Type 2 diabetes (T2D) represents a major cardiometabolic risk factor (CMRF) and plays a central role in the development and progression of metabolic dysfunction-associated steatotic liver disease (MASLD) [1,2]. MASLD is the most common chronic liver disease worldwide, with an estimated global prevalence of 25–30%, reaching up to 38% in the most recent surveys [3]. It is characterized by the presence of hepatic steatosis in the absence of alcohol consumption or viral hepatitis. MASLD replaced the previously used term non-alcoholic fatty liver disease (NAFLD), following the recent consensus for increased accuracy and improved definition [4].
Beyond liver-related complications, MASLD is increasingly recognized as a multisystem disease. While progressive forms such as metabolic dysfunction-associated steatohepatitis (MASH) are associated with advanced fibrosis and cirrhosis, cardiovascular disease (CVD) remains the leading cause of mortality in this population [5,6]. Patients with MASLD, particularly those with T2D, exhibit a substantially increased risk of atherosclerotic cardiovascular disease (ASCVD) [7], driven by shared mechanisms including insulin resistance, chronic low-grade inflammation, endothelial dysfunction, and pro-atherogenic dyslipidemia [8,9,10]. Hepatic and visceral ectopic fat promote inflammatory cytokine release, impair nitric oxide availability, and alter lipid metabolism, leading to increased triglycerides, small, dense Low-Density Lipoprotein cholesterol (LDL-cholesterol) particles, and reduced High-Density Lipoprotein cholesterol (HDL-cholesterol), all of which favor plaque formation and vascular injury [10]. However, because MASLD overlaps substantially with metabolic syndrome and T2D, the extent to which ASCVD risk is independently related to liver disease itself, rather than to shared CMRFs, remains uncertain. This controversy is further amplified by differences in NAFLD/MASLD definitions, study populations, fibrosis assessment methods, cardiovascular endpoints, and the use of cross-sectional versus longitudinal study designs.
A recent study using the new MASLD nomenclature reported that, after adjustment for CMRFs, MASLD was no longer independently associated with cardiovascular mortality [11]. In contrast, earlier studies based on the NAFLD definition identified hepatic steatosis as an independent predictor of cardiovascular outcomes [12]. These findings highlight the need to more clearly delineate the relative contributions of traditional risk factors and liver-related markers in cardiovascular risk stratification.
The recent global consensus recommendations emphasize a fibrosis-centered approach to MASLD management, with the Fibrosis-4 index (FIB-4) as a first-line screening tool for risk stratification, owing to its accessibility, cost-effectiveness, and ability to reliably exclude advanced liver disease [13].
Attention has increasingly shifted from hepatic steatosis to fibrosis severity as a potential determinant of cardiovascular risk in MASLD. In this context, FIB-4 is used as a potential tool for cardiovascular risk stratification.

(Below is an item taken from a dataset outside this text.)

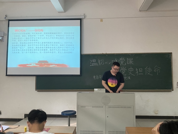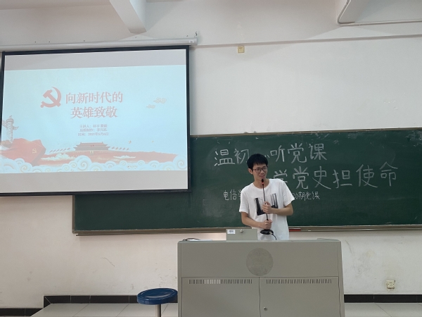 本网讯(记者 张玉蓉)电子信息工程学院学生联合党支部于2021年5月6日,在A1-109举行了第二十次微党课学习。本次微党课的主题是《向新时代的英雄致敬》,主讲人是林宇、窦毅同志,学生党员同志和入党积极分子都认真听取此次党课。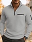 Homens Camisas Polo Waffle Textura Casual Quarter Zip Manga Longa Moda Confortável Bloco de cor Zip Up Bolsos Outono Primavera & Outono Normal Branco Preto Azul Azul Claro Cinzento Escuro Roxo

Several longitudinal studies have reported an association between higher FIB-4 values and progression of Coronary artery calcification (CAC) [14], a marker of subclinical atherosclerosis or incident cardiovascular events, including heart failure, even after adjustment for traditional risk factors [15]. However, these associations are generally modest, and the additional value of hepatic fibrosis markers beyond traditional cardiometabolic risk factors remains controversial, particularly in patients with established T2D.
In parallel, newer antidiabetic therapies, including sodium–glucose cotransporter-2 inhibitors (SGLT2i) and glucagon-like peptide-1 receptor agonists (GLP-1 RA), have shown cardiovascular and metabolic benefits, raising the question of whether treatment-related factors may also influence atherosclerotic burden in patients with MASLD and T2D.
Despite growing interest in the link between MASLD and cardiovascular risk, data comparing the relative associations of traditional CMRFs, hepatic fibrosis markers, and antidiabetic therapies to ASCVD in patients with T2D and MASLD remain limited, particularly in real-life clinical settings.
Therefore, the aim of this study was to evaluate the association between traditional cardiometabolic risk factors, hepatic non-invasive tests (NIT), and antidiabetic therapies with ASCVD in patients with T2D and MASLD, and to assess their relative predictive value.

2. Materials and Methods

This cross-sectional observational study was carried out according to the STROBE (Strengthening the Reporting of Observational Studies in Epidemiology) guidelines, which were the framework on which this section was developed [16].

2.1. Study Population

Consecutive patients presented at the same diabetologist from the Outpatient Department of NC Paulescu National Institute of Diabetes Mellitus, Nutrition and Metabolic Disorders, Bucharest, Romania, between 13 July 2023 and 16 March 2026, with 5 outpatient days a week, were evaluated per day for inclusion in the study.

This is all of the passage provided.